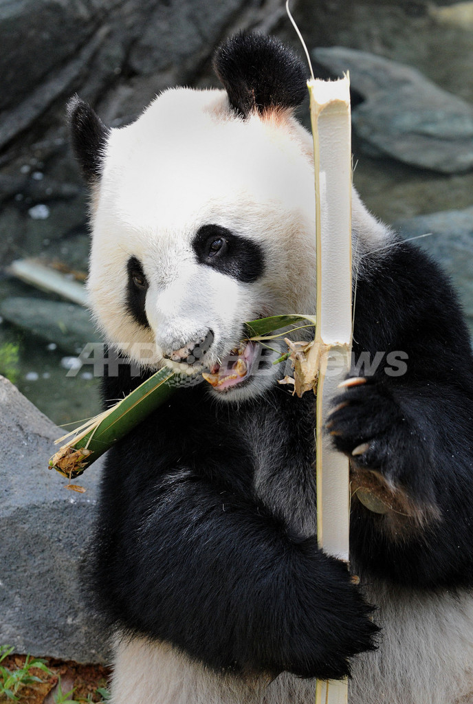 写真は専用施設内で竹を食べる凱凱(2012年10月29日撮影)。(c)AFP/ROSLAN RAHMAN
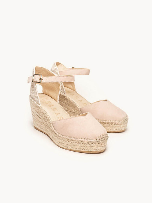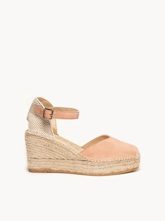 Sandália Anabela Média Plataforma Jara Camurça Rosa Claro
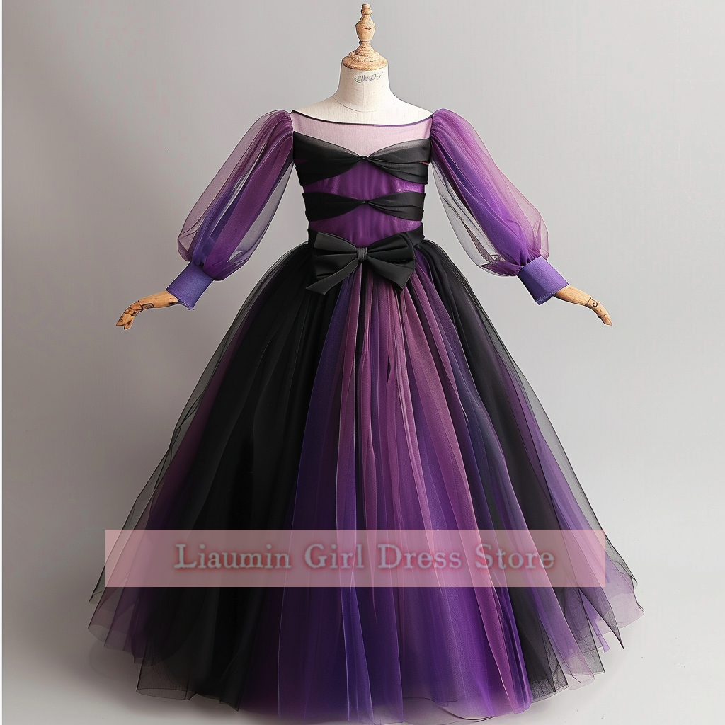 Cute Purple And Black Tulle Long Sleeve Flower Girl Dresses Brithday Party Princess First Communion Pageant Child Skirt W8-9.8
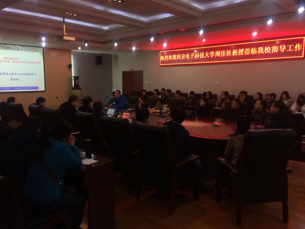 11月24日,机电学院在金花校区第三会议室举办了教育教学思想大讨论专题讲座。活动特邀西安电子科技大学周佳社教授作了题为“校企深度协同,健全创新创业服务体系,促进实践教学改革”的专题报告,参加活动的有机电学院院长胥光申及全体教师,报告会由院长助理肖渊主持。
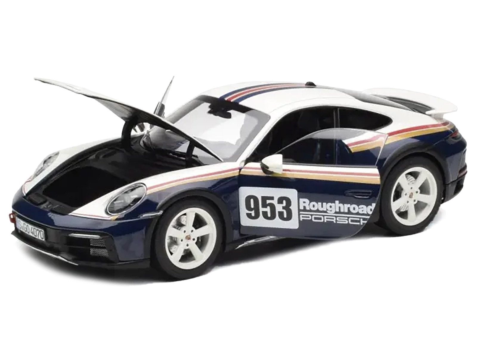 - Brand new 1/18 scale diecast car model of 2023 Porsche 911 Dakar #953 “Roughroads Porsche” Blue and White with Stripes die cast model car by Norev.
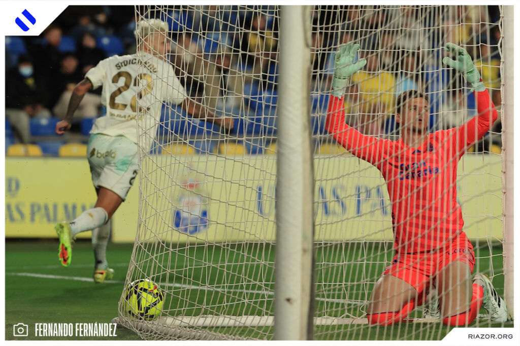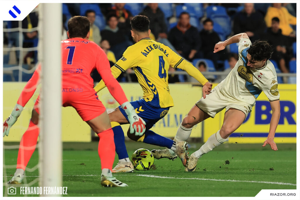 A pesar de la superioridad en lo que al juego respecta de los locales, lo cierto es que el Deportivo estuvo a pocos milímetros de llevarse los tres puntos del Estadio de Gran Canaria. Noubi filtró un magnífico pase al espacio para una de las numerosas incursiones de Quagliata en ataque. El italiano puso un gran pase al corazón del área para el remate a bocajarro de un Stoichkov que -en esta ocasión- no perdonó.
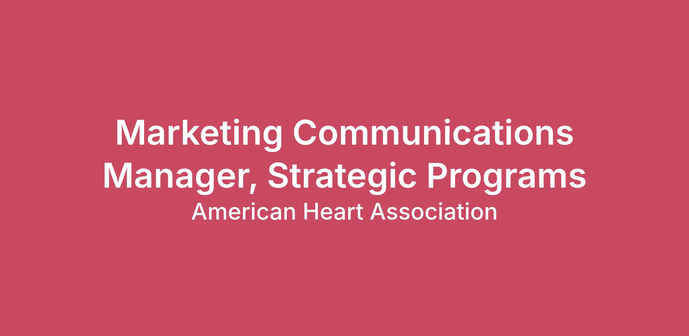 Overview Since our founding in 1924, we've cut cardiovascular disease deaths in half, but there is still so much more to do. To overcome today’s biggest health challenges and accelerate this progress, we need passionate individuals like you. Join our movement, be part of the progress, and help ensure a healthier future for all. You matter, and so does the impact you can make with us. The American Heart Association is seeking an experienced Marketing Communications Manager - Strategic Programs in our National Center office located in Dallas, TX. The location for this position is remote. This is a full time, benefits eligible, grant funded opportunity, with current funding through 1/30/2029. The Manager, Marketing & Communications – Strategic Programs is responsible for supporting the development and execution of integrated marketing and communications strategies for high-priority, externally supported, or enterprise-level initiatives. This role partners closely with the Senior Marketing Communications Manager to translate program objectives into actionable marketing plans that drive measurable engagement, adoption, and impact across professional audiences. The position requires strong project management, cross-functional coordination, and performance optimization skills, along with the ability to manage complex initiatives with defined metrics and timelines. The Association offers many resources to help you maintain work-life harmonization through your changing needs and life situations. To help you be successful, you will have access to Heart U, our award-winning corporate university, as well as additional training and support, locally. #TheAHALife is more than a company culture; it is our way of life. It embodies our commitment to work-life harmonization and is guided by our core values where our employees can thrive both personally and professionally. Discover why you will Be Seen. Be Heard. Be Valued at the American Heart Association by following us on LinkedIn, Instagram, Facebook, X, and at heart.jobs. Responsibilities Strategic Marketing Execution Support development and execution of integrated marketing and communications plans aligned to program objectives and defined performance metrics. Collaborate with Science, Business Units, Communications, Digital, Social, and external vendor teams to ensure coordinated go-to-market execution. Develop campaign briefs, timelines, messaging frameworks, and content calendars to support program deliverables. Align marketing strategies to audience needs, including healthcare professionals, specialty groups, and other defined target segments. Campaign & Channel Management Coordinate implementation of campaigns across paid, owned, and earned channels. Partner with paid media, digital marketing, and social teams to support cohesive channel strategy execution. Manage vendor relationships and marketing deliverables to ensure quality, timeliness, and alignment with objectives. Monitor campaign performance, analyze results, and recommend optimizations based on data insights. Support testing and experimentation efforts to improve reach, engagement, and performance. Project Management & Cross-Functional Collaboration Lead day-to-day marketing project management for assigned programs, ensuring milestones, approvals, and deliverables remain on track. Facilitate communication across cross-functional stakeholders to maintain alignment and clarity of roles. Support budget tracking and ensure marketing activities remain within approved funding parameters. Prepare performance reports, dashboards, and presentations for internal stakeholders and leadership. Qualifications Bachelor’s degree in Marketing, Communications, Business, Public Health, or related field, or equivalent experience. 3 years of experience in marketing, marketing communications, or campaign management. 5 years of experience is preferred. Experience executing integrated marketing campaigns across multiple channels. Strong project management skills with ability to manage multiple priorities and deadlines. Experience working with internal teams and external vendors under strict timelines. Working knowledge of marketing performance metrics and reporting. Strong written, verbal, and presentation communication skills. Preferred Experience in healthcare, scientific meetings, professional education, or nonprofit environments. Experience supporting externally funded or grant-supported initiatives. Experience supporting marketing efforts targeting healthcare professionals. Compensation & Benefits The expected pay range is $75,000 - $85,000. Pay is commensurate with experience; geographic differentials to the pay range may apply. The American Heart Association reserves the right to pay more or less than the posted range. The American Heart Association invests in its people. Here are the main components of our total rewards package. Visit Rewards & Benefits to see more details. Compensation – Our goal is to ensure you have a competitive base salary. That’s why we regularly review the market value of jobs and make adjustments, as needed. Performance and Recognition – You are rewarded for achieving success through annual salary planning and incentive programs; eligibility for an incentive program is based on the type of position. Benefits – We offer a wide array of benefits including medical, dental, vision, disability, and life insurance, along with a robust retirement program that includes an employer match and automatic contribution. As a mark of our commitment to employee well-being, we also offer an employee assistance program, employee wellness program and telemedicine, and medical consultation. Professional Development – You can join one of our many Employee Resource Groups (ERG) or be a mentor/mentee in our professional mentoring program. Heart U is the Association’s national online university, with more than 100,000 resources designed to meet your needs and busy schedule. Work-Life
________________________
▶ _Problem_
Reproduce the lines above starting at the one with "Sandália Anabela Média" and ending at the one with "11月24日,机电学院在金花", both included, exactly and with no pictures.

▶ _Output below_
 Sandália Anabela Média Plataforma Jara Camurça Rosa Claro
 Cute Purple And Black Tulle Long Sleeve Flower Girl Dresses Brithday Party Princess First Communion Pageant Child Skirt W8-9.8
 11月24日,机电学院在金花校区第三会议室举办了教育教学思想大讨论专题讲座。活动特邀西安电子科技大学周佳社教授作了题为“校企深度协同,健全创新创业服务体系,促进实践教学改革”的专题报告,参加活动的有机电学院院长胥光申及全体教师,报告会由院长助理肖渊主持。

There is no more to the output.